DATASET EXCERPT —
- Opening Delimiter -

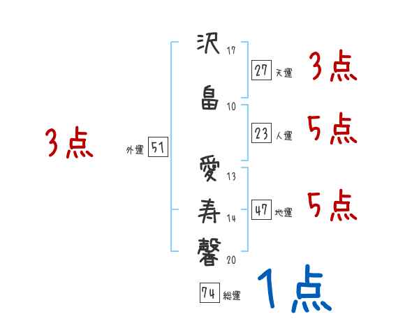 総運![]() | 沢畠愛寿馨さんの総運は74画の1つ星!無気力で怠惰な生活送りがち。規則正しい生活を送るよう気をつけましょう。 あなたの人生を表す1番重要な運勢です。生涯を通じて影響する総合運となり、主に50歳以降の晩年期に影響を及ぼします。 |
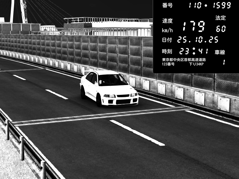| 2025/10/25 23:00 | C1外回り 芝公園 | 211 / 60 km/h | Mitsubishi Lancer Evolution V Wangan Spec | CAPTURE |
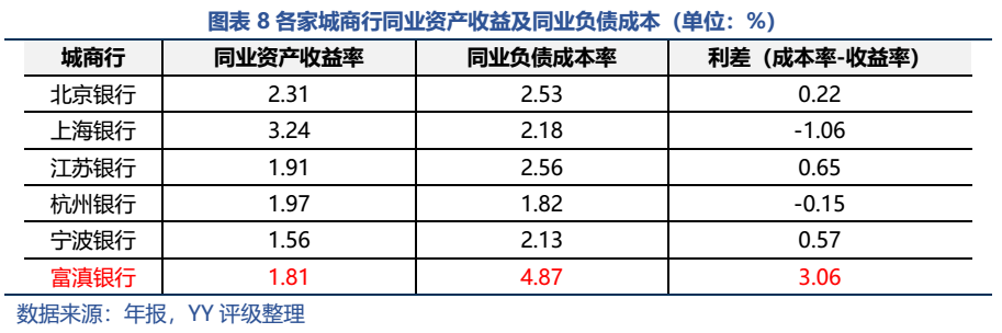 值得關注的是富滇銀行同業資產收益率與同業負債成本率之間嚴重不匹配。與幾家資質較好的城商行相比,同業資產收益率偏低,但同業負債的成本率卻過高,二者利差高達3.06%。

- Closing Delimiter -

REQUIRED ACTION — Send back the data above word for word, with the pictures left out.

ANSWER SPACE —
 総運![]() | 沢畠愛寿馨さんの総運は74画の1つ星!無気力で怠惰な生活送りがち。規則正しい生活を送るよう気をつけましょう。 あなたの人生を表す1番重要な運勢です。生涯を通じて影響する総合運となり、主に50歳以降の晩年期に影響を及ぼします。 |
| 2025/10/25 23:00 | C1外回り 芝公園 | 211 / 60 km/h | Mitsubishi Lancer Evolution V Wangan Spec | CAPTURE |
 值得關注的是富滇銀行同業資產收益率與同業負債成本率之間嚴重不匹配。與幾家資質較好的城商行相比,同業資產收益率偏低,但同業負債的成本率卻過高,二者利差高達3.06%。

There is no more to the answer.